EXERCISE DESCRIPTION:
Transcribe the listing underneath, keeping each word exact and omitting the images.

INPUT DATA:
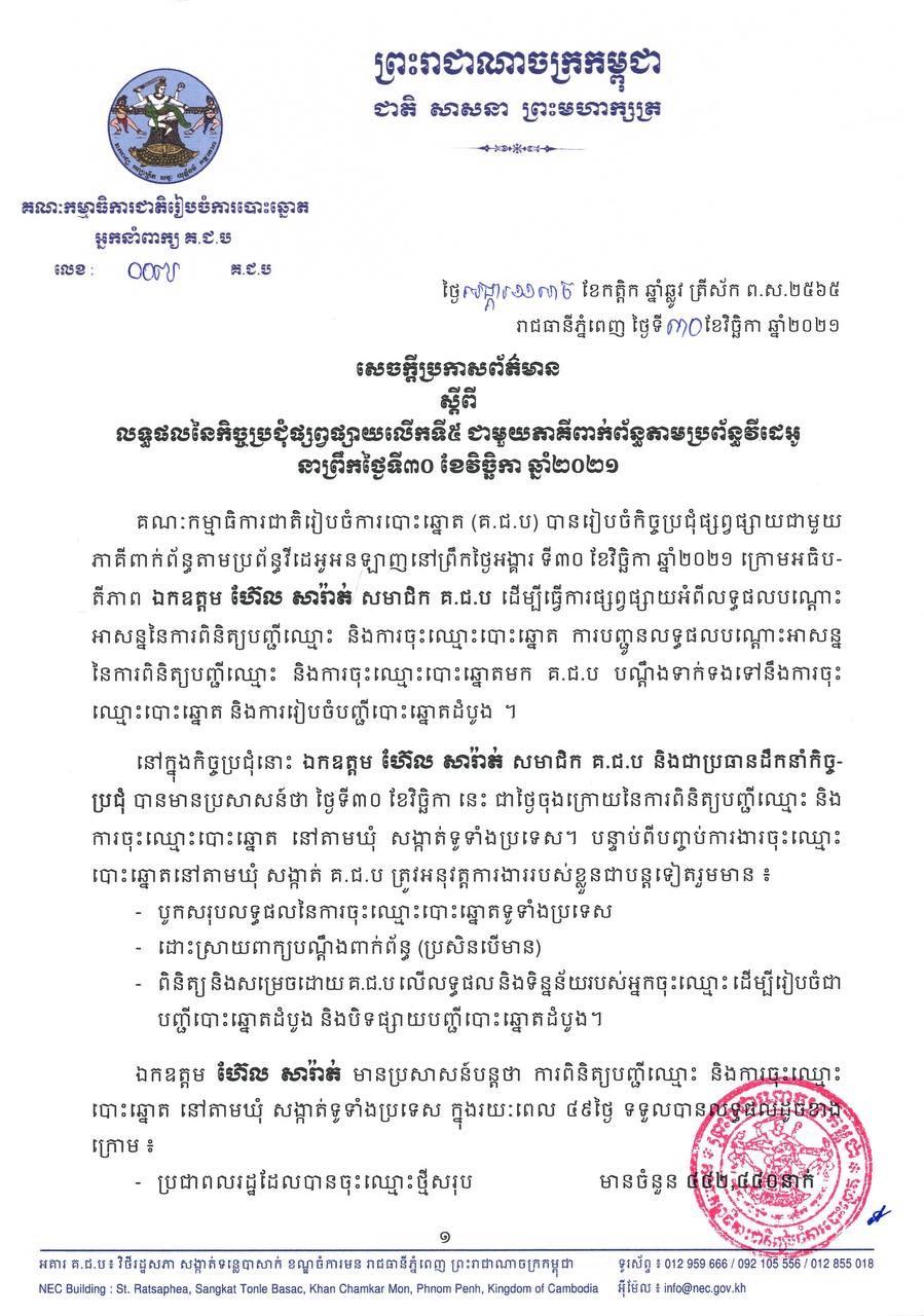 គណៈកម្មាធិការជាតិរៀបចំការបោះឆ្នោត (គ.ជ.ប) បានរៀបចំកិច្ចប្រជុំផ្សព្វផ្សាយជាមួយ ភាគីពាក់ព័ន្ធតាមប្រព័ន្ធវីដេអូអនឡាញនៅព្រឹកថ្ងៃអង្គារ ទី៣០ ខែវិច្ឆិកា ឆ្នាំ២០២១ ក្រោមអធិប-តីភាព ឯកឧត្តម ហ៊ែល សារ៉ាត់ សមាជិក គ.ជ.ប ដើម្បីធ្វើការផ្សព្វផ្សាយអំពីលទ្ធផលបណ្តោះអាសន្ននៃការពិនិត្យបញ្ជីឈ្មោះ និងការចុះឈ្មោះបោះឆ្នោត ការបញ្ជូនលទ្ធផលបណ្តោះអាសន្ននៃការពិនិត្យបញ្ជីឈ្មោះ និងការចុះឈ្មោះបោះឆ្នោតមក គ.ជ.ប បណ្តឹងទាក់ទងទៅនឹងការចុះឈ្មោះបោះឆ្នោត និងការរៀបចំបញ្ជីបោះឆ្នោតដំបូង ។
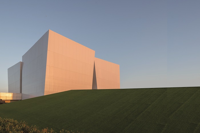 L’edificio è avvolto da un rivestimento perforato che forma uno spazio relativamente chiuso. Le sezioni della facciata continua sono inclinate, raggruppate e intrecciate all’interno e lo spazio tra le sezioni forma naturalmente l’ingresso dell’edificio. Al calare della notte, la luce filtra attraverso le piastre forate e fa risplendere l’intera costruzione, come un pezzo di marmo lucido.
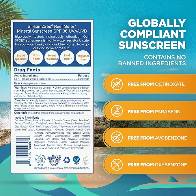 STREAM 2 SEA SPF 30 Mineral Sunscreen Biodegradable and Reef Safe, 1 Fl oz Travel Size Pack of 3, Paraben Free Non Greasy and Moisturizing Mineral Sunscreen For Face and Body Against UVA and UVB

SOLUTION:
 គណៈកម្មាធិការជាតិរៀបចំការបោះឆ្នោត (គ.ជ.ប) បានរៀបចំកិច្ចប្រជុំផ្សព្វផ្សាយជាមួយ ភាគីពាក់ព័ន្ធតាមប្រព័ន្ធវីដេអូអនឡាញនៅព្រឹកថ្ងៃអង្គារ ទី៣០ ខែវិច្ឆិកា ឆ្នាំ២០២១ ក្រោមអធិប-តីភាព ឯកឧត្តម ហ៊ែល សារ៉ាត់ សមាជិក គ.ជ.ប ដើម្បីធ្វើការផ្សព្វផ្សាយអំពីលទ្ធផលបណ្តោះអាសន្ននៃការពិនិត្យបញ្ជីឈ្មោះ និងការចុះឈ្មោះបោះឆ្នោត ការបញ្ជូនលទ្ធផលបណ្តោះអាសន្ននៃការពិនិត្យបញ្ជីឈ្មោះ និងការចុះឈ្មោះបោះឆ្នោតមក គ.ជ.ប បណ្តឹងទាក់ទងទៅនឹងការចុះឈ្មោះបោះឆ្នោត និងការរៀបចំបញ្ជីបោះឆ្នោតដំបូង ។
 L’edificio è avvolto da un rivestimento perforato che forma uno spazio relativamente chiuso. Le sezioni della facciata continua sono inclinate, raggruppate e intrecciate all’interno e lo spazio tra le sezioni forma naturalmente l’ingresso dell’edificio. Al calare della notte, la luce filtra attraverso le piastre forate e fa risplendere l’intera costruzione, come un pezzo di marmo lucido.
 STREAM 2 SEA SPF 30 Mineral Sunscreen Biodegradable and Reef Safe, 1 Fl oz Travel Size Pack of 3, Paraben Free Non Greasy and Moisturizing Mineral Sunscreen For Face and Body Against UVA and UVB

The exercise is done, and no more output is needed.